This limit holds in the sense of mean convergence (convergence in L^{1}). Further conditions on the η_{ε}, for instance that it be a mollifier associated to a compactly supported function, are needed to ensure pointwise convergence almost everywhere.

If the initial η = η_{1} is itself smooth and compactly supported then the sequence is called a mollifier. The standard mollifier is obtained by choosing η to be a suitably normalized bump function, for instance

$$\eta(x) = \begin{cases}
\frac{1}{I_n} \exp\Big( -\frac{1}{1-|x|^2} \Big) & \text{if } |x| < 1\\
0 & \text{if } |x|\geq 1.
\end{cases}$$
($I_n$ ensuring that the total integral is 1).

In some situations such as numerical analysis, a piecewise linear approximation to the identity is desirable. This can be obtained by taking η_{1} to be a hat function. With this choice of η_{1}, one has

$$\eta_\varepsilon(x) = \varepsilon^{-1}\max \left (1-\left|\frac{x}{\varepsilon}\right|,0 \right)$$

which are all continuous and compactly supported, although not smooth and so not a mollifier.

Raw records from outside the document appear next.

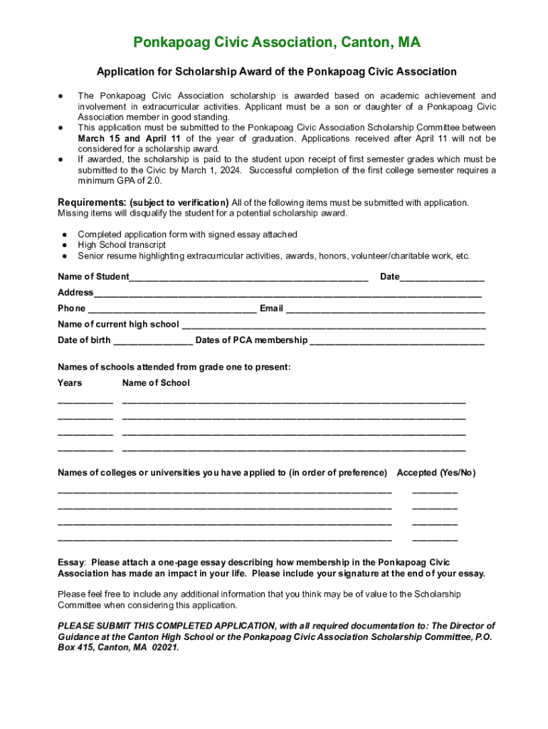 Ponkapoag Civic Association, Canton, MA Application for Scholarship Award of the Ponkapoag Civic Association The Ponkapoag Civic Association scholarship is awarded based on academic achievement and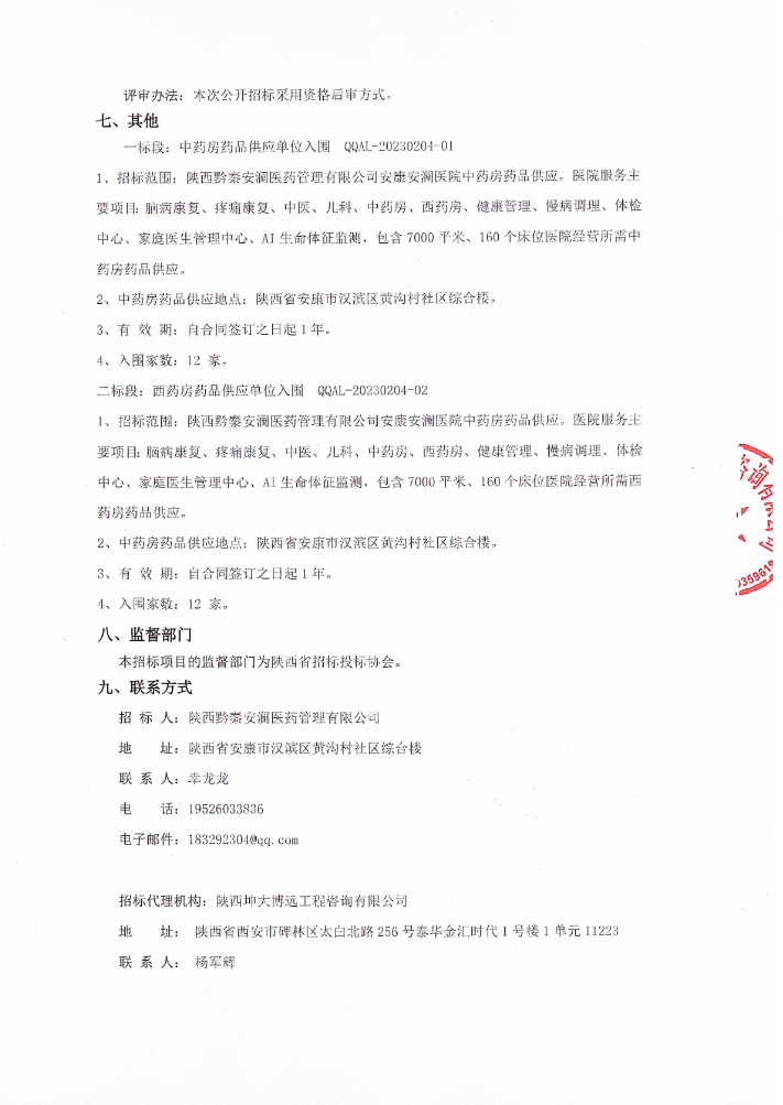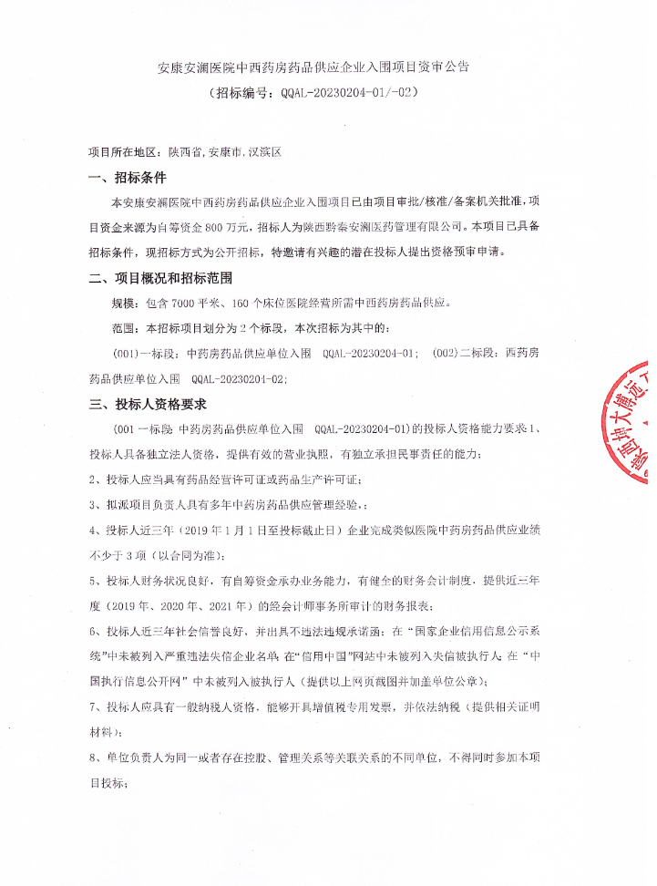 【安康市汉滨区安康安澜医院】陕西省安康市汉滨区安康安澜医院中西药房药品供应企业入围项目资审公告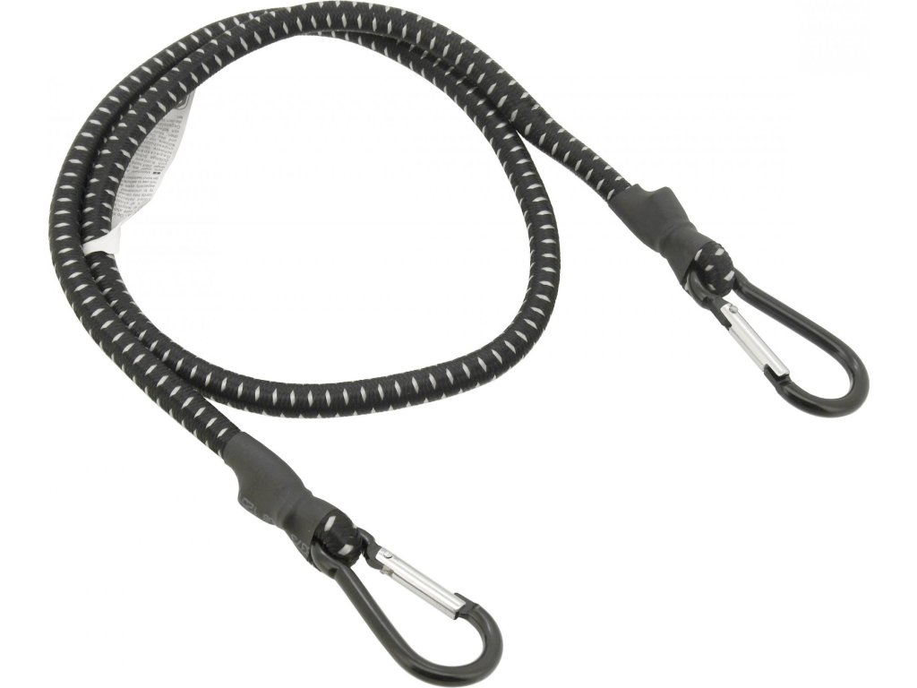 - Elastická šňůra je zakončena kovovými karabinami pro dokonalé a bezpečné upevnění.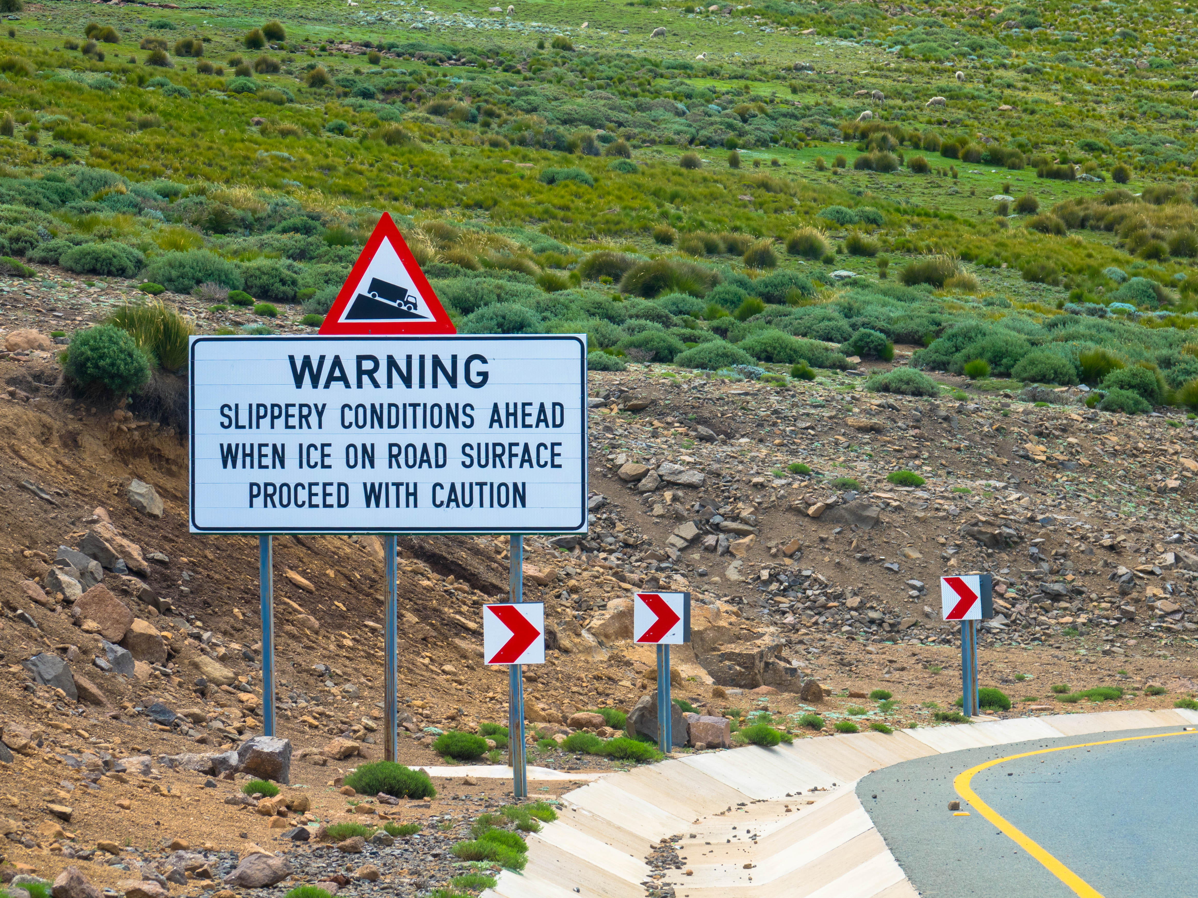 Informative signage alerts road users to potential hazards, road changes, and speed limits.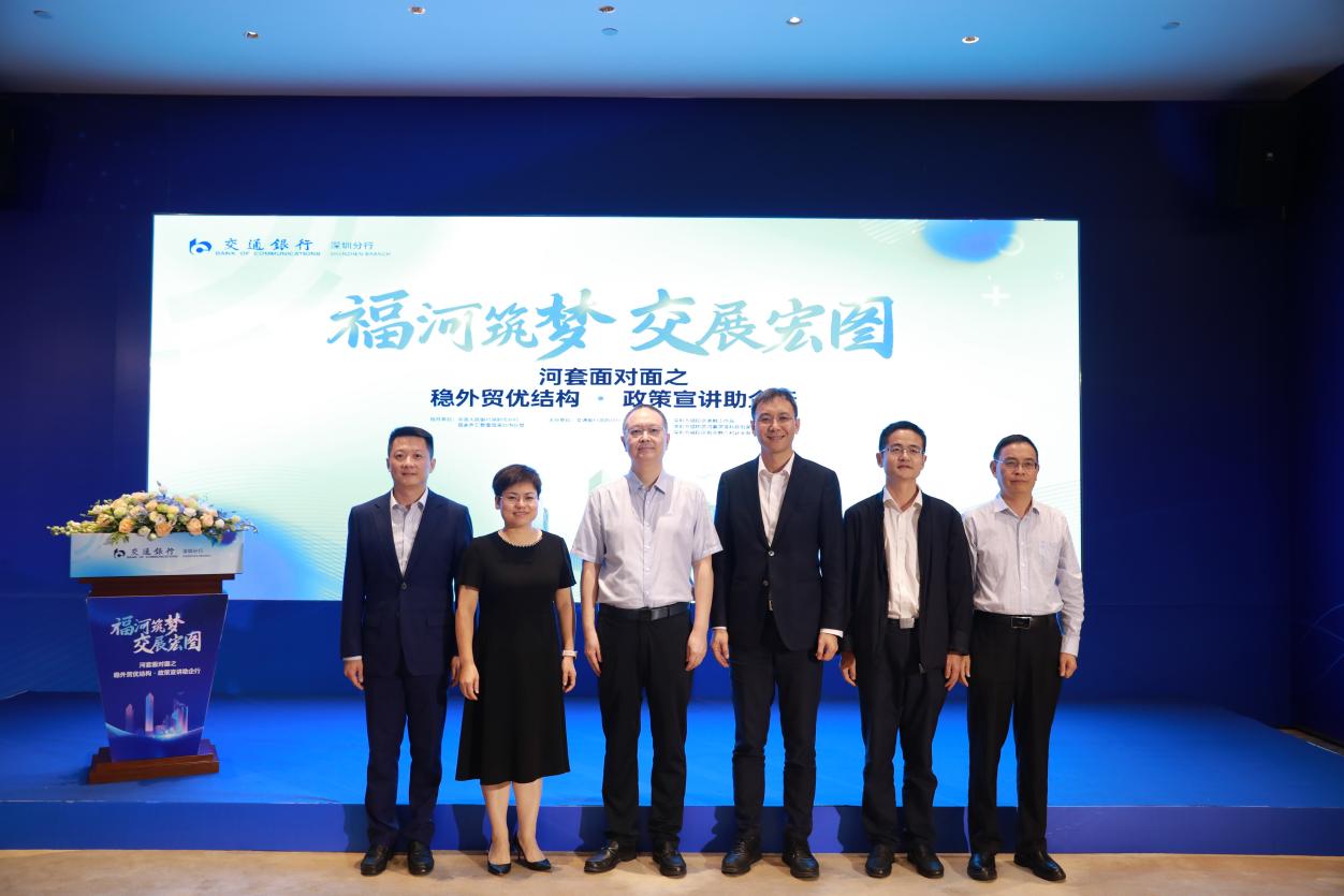 10月12日,在中國(guó)人民銀行深圳市分行、國(guó)家外匯管理局深圳市分局指導(dǎo)下,交通銀行深圳分行聯(lián)合福田區(qū)人民政府舉辦“福河筑夢(mèng),交展宏圖”穩(wěn)外貿(mào)優(yōu)結(jié)構(gòu)政策宣講助企行活動(dòng),并邀請(qǐng)了外貿(mào)企業(yè)、上市公司、科研機(jī)構(gòu)等共計(jì)100余人現(xiàn)場(chǎng)參會(huì)。

=== Probabilistic considerations ===
In the context of probability theory, it is natural to impose the additional condition that the initial η_{1} in an approximation to the identity should be positive, as such a function then represents a probability distribution. Convolution with a probability distribution is sometimes favorable because it does not result in overshoot or undershoot, as the output is a convex combination of the input values, and thus falls between the maximum and minimum of the input function. Taking η_{1} to be any probability distribution at all, and letting η_{ε}(x) = η_{1}(x/ε)/ε as above will give rise to an approximation to the identity. In general this converges more rapidly to a delta function if, in addition, η has mean 0 and has small higher moments. For instance, if η_{1} is the uniform distribution on $\left[-\frac{1}{2},\frac{1}{2}\right]$, also known as the rectangular function, then:
$$\eta_\varepsilon(x) = \frac{1}{\varepsilon}\operatorname{rect}\left(\frac{x}{\varepsilon}\right)=
\begin{cases}
\frac{1}{\varepsilon},&-\frac{\varepsilon}{2}<x<\frac{\varepsilon}{2}, \\
0, &\text{otherwise}.
\end{cases}$$

Another example is with the Wigner semicircle distribution
$$\eta_\varepsilon(x)= \begin{cases}
\frac{2}{\pi \varepsilon^2}\sqrt{\varepsilon^2 - x^2}, & -\varepsilon < x < \varepsilon, \\
0, & \text{otherwise}.
\end{cases}$$

This is continuous and compactly supported, but not a mollifier because it is not smooth.

=== Semigroups ===
Approximations to the delta functions often arise as convolution semigroups. This amounts to the further constraint that the convolution of η_{ε} with η_{δ} must satisfy
$$\eta_\varepsilon * \eta_\delta = \eta_{\varepsilon+\delta}$$

for all ε, δ > 0. Convolution semigroups in L^{1} that approximate the delta function are always an approximation to the identity in the above sense, however the semigroup condition is quite a strong restriction.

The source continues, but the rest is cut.